- Born: Mitchell Stuart Margo May 25, 1947 Brooklyn, New York, U.S.
- Died: November 24, 2017 (aged 70) Studio City, California, U.S.
- Genre: Doo-wop
- Occupations: Singer, songwriter
- Formerly of: The Tokens

= Mitch Margo =

Mitchell Stuart Margo (May 25, 1947 – November 24, 2017) was an American singer and songwriter.

==Career==
Margo was a professional recording artist by the age of 14. Along with brother Phil Margo, he was a member of The Tokens. The vocal group is best known for its hit recording of "The Lion Sleeps Tonight", which rose to #1 on the Billboard Hot 100 and remained there for three weeks in 1961. Other hits by The Tokens include: "Tonight I Fell In Love" (which Mitch Margo co-wrote), "I Hear Trumpets Blow" (written by Mitch Margo), "He's In Town", and "Portrait of My Love".

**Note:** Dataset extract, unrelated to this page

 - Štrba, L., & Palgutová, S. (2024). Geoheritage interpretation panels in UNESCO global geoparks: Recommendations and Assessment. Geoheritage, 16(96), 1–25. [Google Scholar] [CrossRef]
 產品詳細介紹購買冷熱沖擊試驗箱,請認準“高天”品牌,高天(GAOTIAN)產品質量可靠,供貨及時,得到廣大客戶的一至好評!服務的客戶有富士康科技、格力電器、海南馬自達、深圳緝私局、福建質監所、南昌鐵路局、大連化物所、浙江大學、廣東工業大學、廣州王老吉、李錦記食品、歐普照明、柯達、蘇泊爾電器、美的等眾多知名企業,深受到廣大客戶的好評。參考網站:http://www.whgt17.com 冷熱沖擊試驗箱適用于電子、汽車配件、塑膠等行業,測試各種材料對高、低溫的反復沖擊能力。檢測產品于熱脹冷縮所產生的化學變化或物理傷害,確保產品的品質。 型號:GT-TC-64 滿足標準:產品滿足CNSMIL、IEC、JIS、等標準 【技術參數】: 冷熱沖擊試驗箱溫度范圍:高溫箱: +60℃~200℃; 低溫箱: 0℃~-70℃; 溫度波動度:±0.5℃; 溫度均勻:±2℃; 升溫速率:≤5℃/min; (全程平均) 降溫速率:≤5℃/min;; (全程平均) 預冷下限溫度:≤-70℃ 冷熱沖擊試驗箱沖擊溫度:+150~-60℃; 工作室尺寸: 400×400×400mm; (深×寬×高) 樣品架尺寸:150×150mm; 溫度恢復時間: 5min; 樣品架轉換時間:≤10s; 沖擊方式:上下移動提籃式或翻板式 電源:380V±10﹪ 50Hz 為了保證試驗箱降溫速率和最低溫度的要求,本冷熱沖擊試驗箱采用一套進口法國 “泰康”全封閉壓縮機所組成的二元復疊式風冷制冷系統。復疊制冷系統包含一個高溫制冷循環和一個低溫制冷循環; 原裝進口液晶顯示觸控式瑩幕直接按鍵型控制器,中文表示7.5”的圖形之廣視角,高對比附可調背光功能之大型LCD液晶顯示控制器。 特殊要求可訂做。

Margo also created artwork and animation. His artwork has been displayed and sold in galleries. His paintings have appeared on album covers and his animation has been shown on USA Network. He has illustrated children's books including the award-winning "The Very First Adventure of Fulton T. Firefly". He also wrote and illustrated another children's book called "Sara Smiled".

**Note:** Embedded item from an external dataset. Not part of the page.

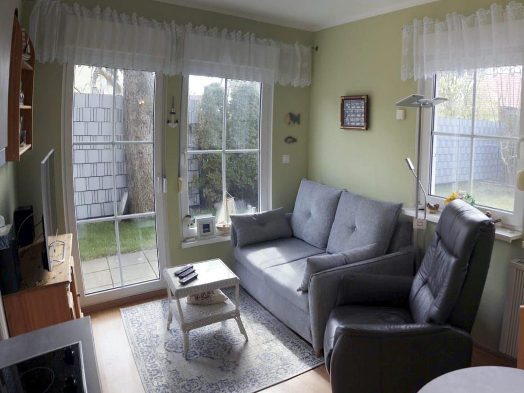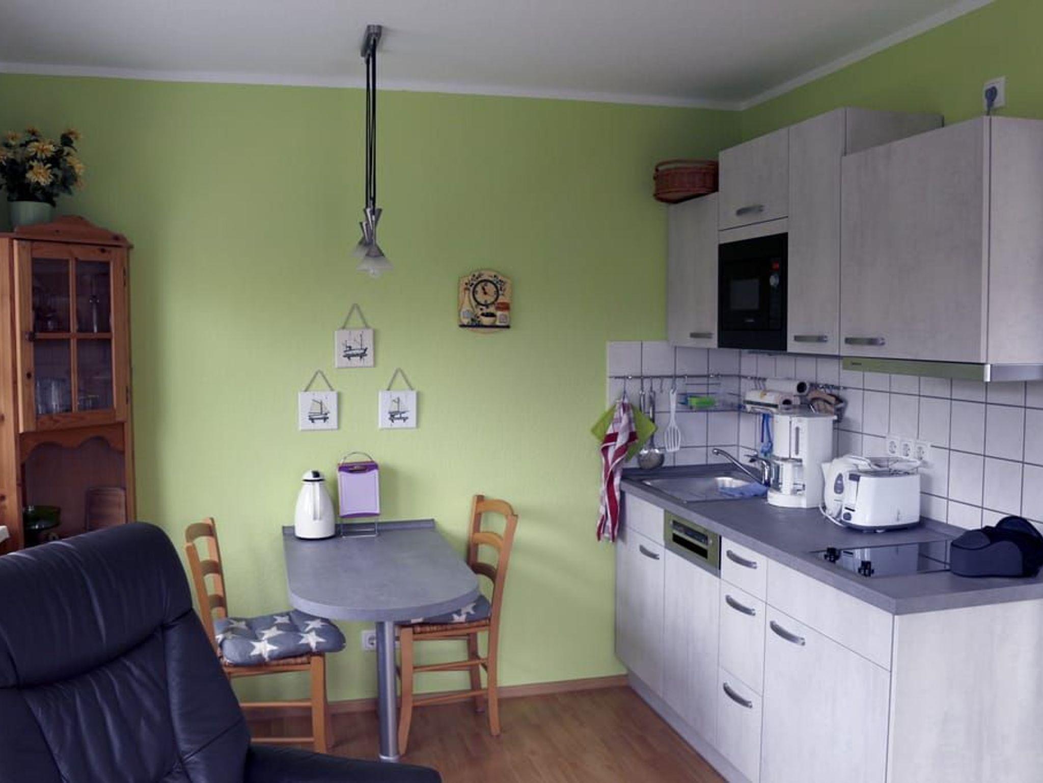 Die kleine Wohnung (30 m²) ist in einer Ferienwohnanlage gelegen und verfügt über eine komfortable Ausstattung mit Dusche/WC, Wohnraum mit gemütlicher Couchgruppe (Schlafcouch), TV, Radio, integrierter Küchenzeile mit Geschirrspüler und vorgelagerter möblierter Terrasse (Südseite) sowie über ein Schlafzimmer mit Doppelbett. Sie ist Zentral beheizt und für 2 Personen geeignet. Bettwäsche und Handtücher können gemietet werden. Ein Wohnungseigener PKW-Stellplatz und 2 Fahrrädern für die Gäste sind vorhanden, liebe Haustiere herzlich willkommen.

With the tech help of his son Damien, Margo designed and developed a free online reading tool called the Margo Reader. He hoped to eventually see it in multilingual hand held devices that can be given to anyone who wishes to learn how to read. The reader provides the user with an experience of some of Margo's art, animation, music, photography, voice talent, humor, and heart.

Margo died of natural causes at his home in Studio City, California, at the age of 70.

==The Tokens ==
Margo performed with The Tokens on the following TV shows:
- The Tonight Show with Jay Leno
- Late Night with Conan O'Brien
- The Tracey Ullman Show.

==Record production==
With The Tokens, Margo was also successful as a producer of artists and songs including:
- The Chiffons
- The Happenings
- Tony Orlando & Dawn

==Composing ==
Margo also composed underscoring as well as songs for the following TV movies:
- "The Kid With the Broken Halo", starring Gary Coleman
- "The Fantastic World Of D.C. Collins", starring Gary Coleman
- "This Wife for Hire", starring Pam Dawber
- "John Grin's Christmas", starring Robert Guillaume
- "Goddess of Love", starring Vanna White

In addition, Margo composed music for a video production of "The Tragedy of Romeo and Juliet" by William Shakespeare.

In 2010, Margo released his first solo album, "ABCDEFG" on Be Cool Records.